Information supplied:
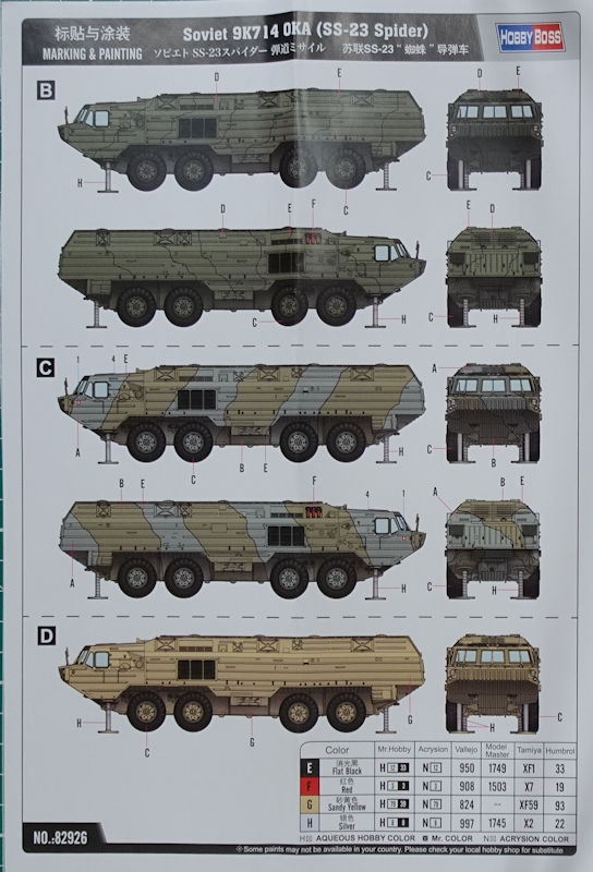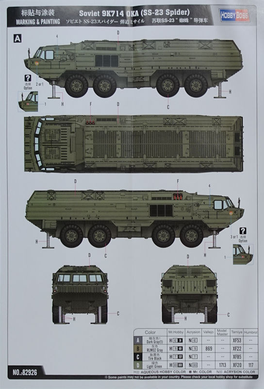 Fazit: Ein gelungener typischer Militärfahrzeugbausatz von HobbyBoss in 1/72. Damit gibt es eine schöne Startrampe der SS-23 SPIDER endlich auch im Sammlermaßstab für den fortgeschrittenen Modellbauer!
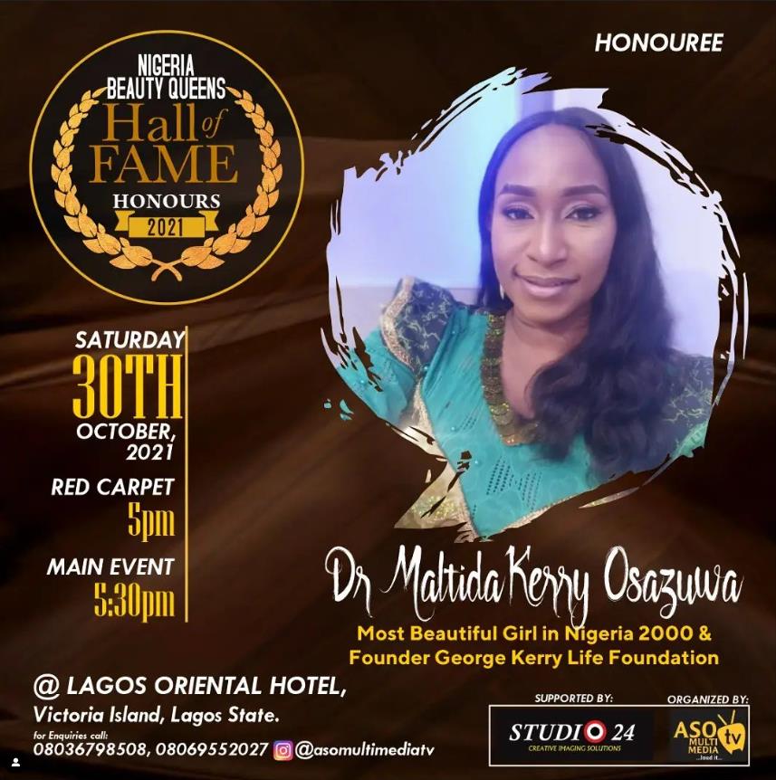 Matilda Kerry Osazuwa ist die „Miss Nigeria 2000“ vom MBGN – Most Beautiful Girl in Nigeria 2000 und Ärztin im Lagos University Teaching Hospital (LUTH).
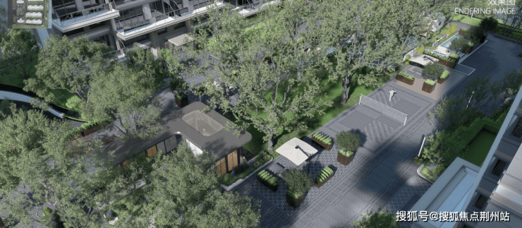 借景古塘河,为业主打造约2600㎡水岸公园,含水杉树阵、绿地草坪、400米跑道及健身设施等
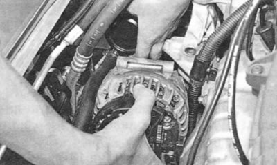 11. Адвядзіце ў бок помпа гідраўзмацняльніка рулявога кіравання, каб шланг не мяшаў выманню генератара, і зніміце генератар.

Assignment: Your task is to repeat only the lines from the line containing "借景古塘河,为业主打造约26" through the final line of the material, inclusive; do not include pictures.

Exercise output:
 借景古塘河,为业主打造约2600㎡水岸公园,含水杉树阵、绿地草坪、400米跑道及健身设施等
 11. Адвядзіце ў бок помпа гідраўзмацняльніка рулявога кіравання, каб шланг не мяшаў выманню генератара, і зніміце генератар.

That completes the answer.